I familiari, gli ex compagni, i rappresentanti delle istituzioni e degli altri club si sono stretti intorno alla bara mentre migliaia di persone rendevano l’ultimo omaggio allo storico numero 6.
«Leggenda immortale, inimitabile bandiera che non smetterà mai di sventolare. Ciao Capitano»

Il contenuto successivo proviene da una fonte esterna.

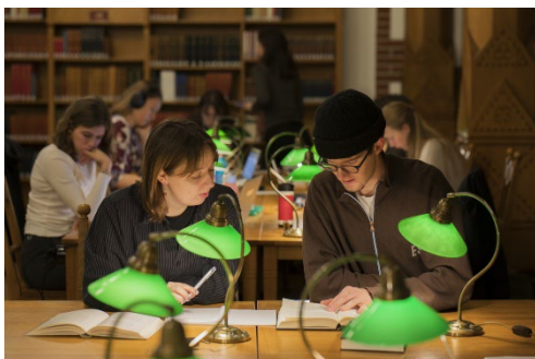
Universitetsbiblioteket, Tegnérsalen.

Att Lund blir litteraturstad inom Unescos nätverk är ett internationellt erkännande av stadens levande litteraturliv där fria aktörer, författare, civilsamhället, universitet, näringsliv och offentlig sektor bidrar till mångfalden inom området.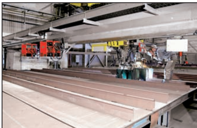
Рис. 2. Автоматизированная система для тандем сварки TimeTwin на предприятии Pus-Werften, Германия

Fronius TimeTwin — это высокопроизводительный способ тандем сварки двумя плавящимися параллельно расположенными электродами в защитном газе. Две сварочные дуги позволяют значительно увеличить, по сравнению со стандартным процессом MIG/MAG, скорость сварки (до 6 м/мин) при максимально возможном качестве сварного шва и производительности. Автоматизированные системы для сварки TimeTwin применяются для выполнения одно- и многопроходных (толщина до 70 мм) швов при изготовлении корпусов алюминиевых танкеров, панельных линий, а также для ряда специальных задач, где предъявляются высочайшие требования относительно контроля тепловложения и механико-технологических характеристик соединения.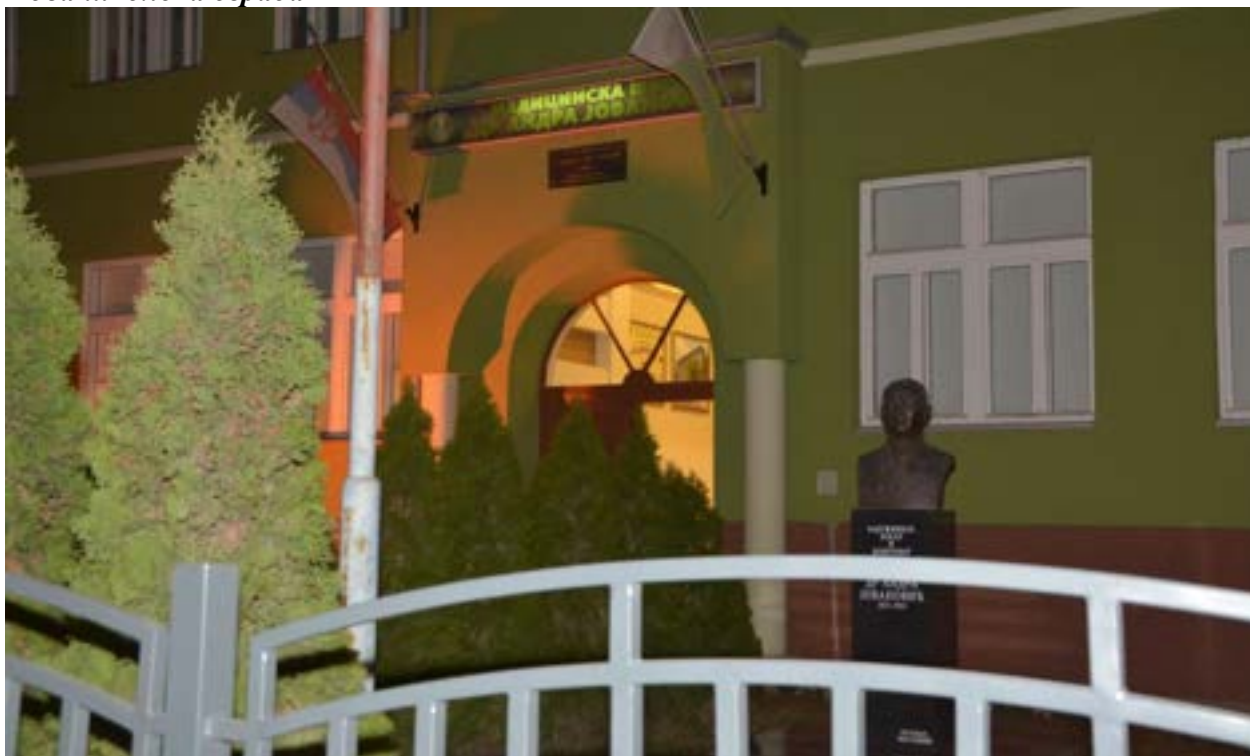
Нова школска ограда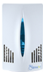
Azul · MLC525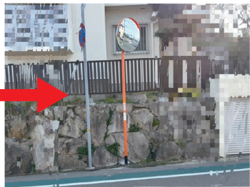
市に要望し、ミラーが設置される

L’omaggio di tutto il calcio
Al funerale erano presenti rappresentanti di tutto il calcio italiano. Per l’Inter sono arrivati il presidente Giuseppe Marotta e Beppe Bergomi. La Juventus era rappresentata dal direttore sportivo Frederic Massara e da Gianluca Pessotto. Per la Fiorentina era presente Giancarlo Antognoni, accompagnato dallo stendardo del club. Tra i presenti anche il presidente del Torino Urbano Cairo, il presidente della Lega Serie A Ezio Simonelli e il ministro dello Sport Andrea Abodi.
Real Madrid e Barcellona hanno inviato proprie delegazioni. Sul sagrato erano state deposte corone di fiori della Fifa, del presidente Gianni Infantino, di Andriy Shevchenko, Sebastiano Rossi, Inter, Roma, Real Madrid, Comune di Milano e Regione Lombardia. Sono arrivati anche gli omaggi personali di Gordon Singer e dell’ex amministratore delegato del Milan Giorgio Furlani.
«Franco Baresi rappresentava un’icona del calcio e portava con sé un valore che oggi si è perso: il senso di appartenenza», ha detto Marotta. «È un esempio che deve essere indicato ai calciatori di oggi, come uomo e come professionista».
«Era una persona di valori umani e calcistici incredibili», ha aggiunto Cairo. «Una bandiera del Milan, un capitano rimasto sempre al fianco del club, anche nei momenti della sconfitta. Un gran signore».
Abodi ha ricordato «la classe, lo stile e la semplicità dei suoi comportamenti», sottolineando come l’appartenenza al Milan e all’intera famiglia del calcio sia la ragione per cui Baresi è stato amato anche oltre il mondo rossonero.
I fischi a Cardinale, Scaroni e Sala
Il raccoglimento è stato interrotto soltanto dalle contestazioni riservate ad alcuni rappresentanti del Milan e delle istituzioni.
Il proprietario rossonero Gerry Cardinale e il presidente Paolo Scaroni sono stati accolti da fischi e grida di «Vattene» al loro arrivo davanti alla basilica. Contestato da una parte dei presenti anche il sindaco di Milano Giuseppe Sala.
Poi l’attenzione è tornata tutta sul Capitano. Sulla bara coperta di rose, sulle sciarpe alzate e su quel numero 6 che, per il popolo del Milan, non ha mai smesso di sventolare.